I registered for SPG on 12/29. I got an email congratulating me on earning Platinum and it said the status would be valid until 2/28/18. I only had 52 nights in 2016. Is the message a glitch? Rollover didn't even occur yet.


----------



## GreenTea (Jan 1, 2017)

Tonight my counter was back to zero and my status was platinum.   It was platinum and while last year I had 15-20 rollover nights, this year only a few over the required 75.  I guess there was no accounting needed.  I just went back to zero and keep the same status.


----------



## Saintsfanfl (Jan 1, 2017)

Mine too but I don't think it happens that fast. I could be wrong but I think there is a "limbo" period. In other words status changes and rollover nights probably have not have occurred yet.


----------



## dioxide45 (Jan 2, 2017)

My wife's account and mine still look as they did at the end of 2016, no changes yet. Seems rather early for any changes, they usually take about a week to 20 days.


----------



## curbysplace (Jan 2, 2017)

Our Rewards account still shows 2016 totals. We checked out of a Renaissance Hotel on 12/30. That stay just now shows as posted - points & nights - on my Marriott account. They say it can take up to 10 days to post stays. I assume it's for reasons like that they don't want to switch records to the new year until the easy postings are made.


----------



## Saintsfanfl (Jan 3, 2017)

Well like Greentea my counter went to zero immediately on 1/1. I thought it was normal but I don't remember what happened before.

EDIT: After closer look my counter is not at zero. It shows zero in the mobile app but on the website it shows 60 nights.


----------



## SueDonJ (Jan 4, 2017)

My online account isn't showing anything yet.  Looks like the mobile app automatically reset with the new year but not online, so I'd expect that accounting to be similar to what's happening in the past.



GreenTea said:


> Tonight my counter was back to zero and my status was platinum.   It was platinum and while last year I had 15-20 rollover nights, this year only a few over the required 75.  I guess there was no accounting needed.  I just went back to zero and keep the same status.



If you're not eligible for Platinum through DC Membership or MR Lifetime, your <2016 total Nights less the 2015-2016 Rollover Nights> doesn't equal or exceed 75, and/or they don't grant you status based on some other factor, then you should expect to be dropped to Gold after 2/28/16.  There's always the possibility that I'm reading your post incorrectly so if you want to post your exact details that will help us figure out where your account should stand at the changeover.


----------



## Saintsfanfl (Jan 4, 2017)

It's really screwy in the interim. Yesterday I got a rewards email showing that I have 53 nights even though online it showed 60. Today I get an email that shows I have 15 nights, presumably the 15 free nights from the CC, but online it still shows 60 nights.
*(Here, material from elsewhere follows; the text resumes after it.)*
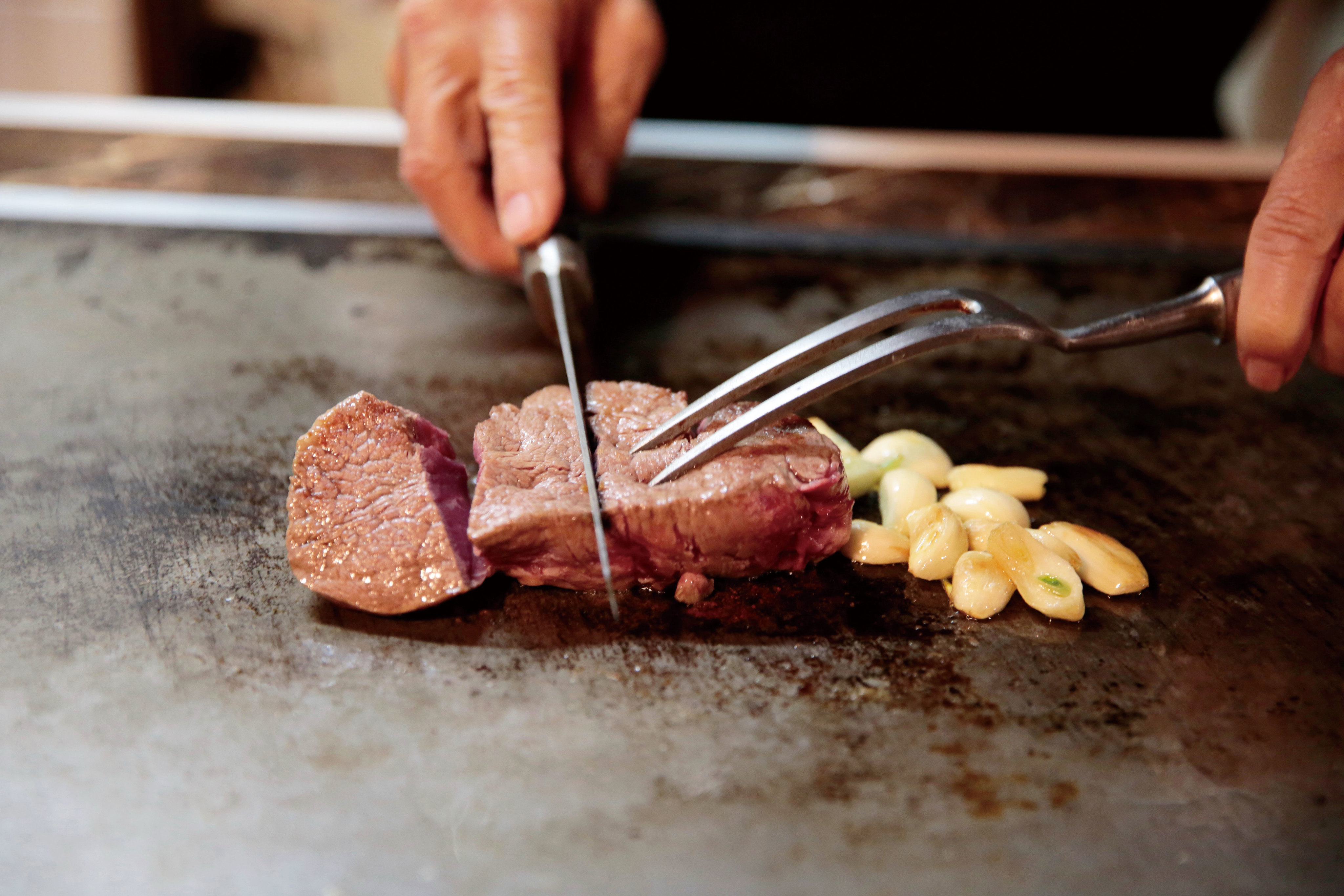 扉を開けると創業当時から変わらない大きな鉄板がお出迎え。50年の時が作り出すびいふ亭オリジナルの焼き目だ。
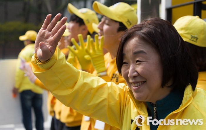 (고양=포커스뉴스) 제20대 국회의원 선거를 하루 앞둔 12일 오후 심상정 정의당 고양갑 후보가 경기 고양시 롯데마트 화정점 앞에서 유권자들에게 지지호소 하고 있다.

The mobile app on the other hand shows the 15 nights, the same as the email.

In this day and age, is it really that hard? It really seems they have hundreds of people manually going into each different system and account and updating it.


----------



## bazzap (Jan 4, 2017)

Saintsfanfl said:


> It's really screwy in the interim. Yesterday I got a rewards email showing that I have 53 nights even though online it showed 60. Today I get an email that shows I have 15 nights, presumably the 15 free nights from the CC, but online it still shows 60 nights.
> 
> The mobile app on the other hand shows the 15 nights, the same as the email.
> 
> In this day and age, is it really that hard? It really seems they have hundreds of people manually going into each different system and account and updating it.


The inconsistency is crazy.
Today, the website shows my account with 95 nights whilst the app shows it with 0 nights.
The emails I receive always tend to lag days or even weeks behind the real position.


----------



## GreenTea (Jan 5, 2017)

I got my renewal packet yesterday.  It said they renewed my platinum even though I didn't have enough nights.  I had 78 nights, so have they upped the requirement without telling anyone, including their marketing department.....the card enclosed said Platinum with 75 nights!?


----------



## Fasttr (Jan 5, 2017)

GreenTea said:


> I got my renewal packet yesterday.  It said they renewed my platinum even though I didn't have enough nights.  I had 78 nights, so have they upped the requirement without telling anyone, including their marketing department.....the card enclosed said Platinum with 75 nights!?


Your post #9 above tells the tale.  You said you had 15-20 roll over nights from the prior year, and only exceeded 75 by a few this year.....so if you take your 78 nights and reduce it by the 15-20 roll over from prior period, you would be below the 75.  They gave you a soft landing and kept you at Platinum, which is nice of them and how they usually treat things in that first year you underachieve.


----------



## sb2313 (Jan 5, 2017)

GreenTea said:


> I got my renewal packet yesterday.  It said they renewed my platinum even though I didn't have enough nights.  I had 78 nights, so have they upped the requirement without telling anyone, including their marketing department.....the card enclosed said Platinum with 75 nights!?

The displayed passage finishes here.